▶ [Directions for this task]
Retype the material that follows exactly, limited to the lines from the one with "(gambero rosso mazara" through the one with "紧接着,六(2)班的简弋同学", and keep out all pictures.

▶ [Records to use]
──────────

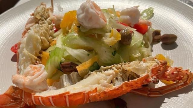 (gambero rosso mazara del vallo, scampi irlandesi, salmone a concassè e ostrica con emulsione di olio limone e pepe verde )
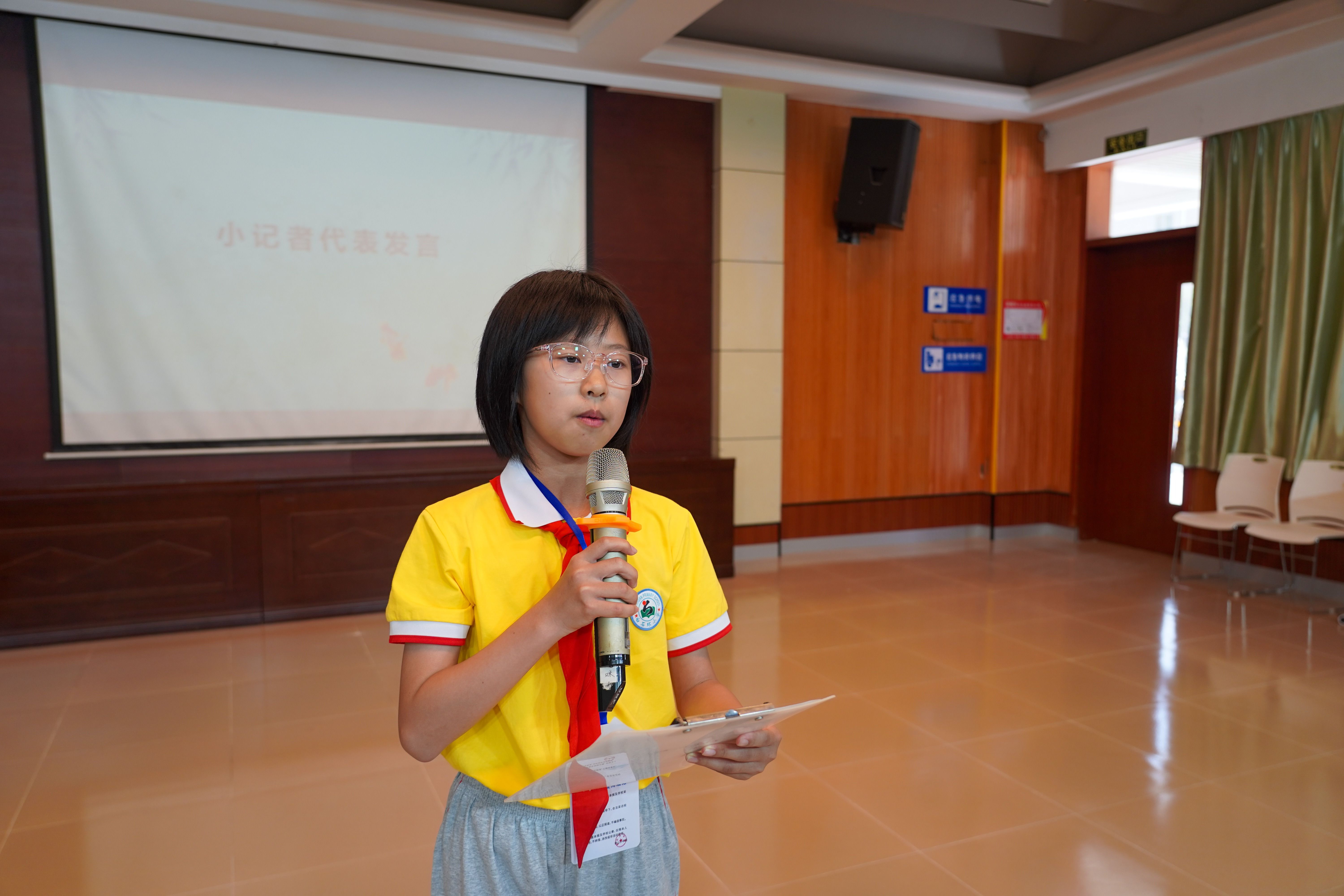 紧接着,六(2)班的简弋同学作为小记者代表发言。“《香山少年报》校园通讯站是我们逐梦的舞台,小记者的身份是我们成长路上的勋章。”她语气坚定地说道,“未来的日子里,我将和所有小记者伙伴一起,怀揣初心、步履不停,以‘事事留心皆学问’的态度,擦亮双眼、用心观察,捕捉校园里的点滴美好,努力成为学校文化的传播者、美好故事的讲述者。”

──────────

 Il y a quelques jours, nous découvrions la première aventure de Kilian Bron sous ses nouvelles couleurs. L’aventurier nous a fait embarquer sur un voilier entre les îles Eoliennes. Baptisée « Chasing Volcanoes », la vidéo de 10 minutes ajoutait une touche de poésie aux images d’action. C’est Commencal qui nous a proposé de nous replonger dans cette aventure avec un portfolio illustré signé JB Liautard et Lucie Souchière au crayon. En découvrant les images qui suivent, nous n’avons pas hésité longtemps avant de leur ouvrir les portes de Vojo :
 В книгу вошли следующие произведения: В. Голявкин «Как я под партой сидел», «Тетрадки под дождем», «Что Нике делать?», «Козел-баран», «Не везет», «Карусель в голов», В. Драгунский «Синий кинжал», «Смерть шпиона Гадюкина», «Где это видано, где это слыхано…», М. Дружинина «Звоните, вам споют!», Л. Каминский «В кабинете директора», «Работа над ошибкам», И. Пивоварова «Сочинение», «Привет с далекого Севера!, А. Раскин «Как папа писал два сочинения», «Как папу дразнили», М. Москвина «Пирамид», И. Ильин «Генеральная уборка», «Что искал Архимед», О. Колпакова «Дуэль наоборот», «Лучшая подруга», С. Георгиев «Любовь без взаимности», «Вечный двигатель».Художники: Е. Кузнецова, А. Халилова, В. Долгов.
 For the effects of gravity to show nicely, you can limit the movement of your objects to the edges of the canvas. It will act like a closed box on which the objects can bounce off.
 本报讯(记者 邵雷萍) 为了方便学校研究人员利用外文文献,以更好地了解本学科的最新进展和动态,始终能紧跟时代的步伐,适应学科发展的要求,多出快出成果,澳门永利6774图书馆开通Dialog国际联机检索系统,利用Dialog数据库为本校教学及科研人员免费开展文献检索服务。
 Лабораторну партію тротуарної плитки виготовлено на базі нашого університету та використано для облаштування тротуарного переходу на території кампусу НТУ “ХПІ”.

──────────

▶ [Exercise result]
 (gambero rosso mazara del vallo, scampi irlandesi, salmone a concassè e ostrica con emulsione di olio limone e pepe verde )
 紧接着,六(2)班的简弋同学作为小记者代表发言。“《香山少年报》校园通讯站是我们逐梦的舞台,小记者的身份是我们成长路上的勋章。”她语气坚定地说道,“未来的日子里,我将和所有小记者伙伴一起,怀揣初心、步履不停,以‘事事留心皆学问’的态度,擦亮双眼、用心观察,捕捉校园里的点滴美好,努力成为学校文化的传播者、美好故事的讲述者。”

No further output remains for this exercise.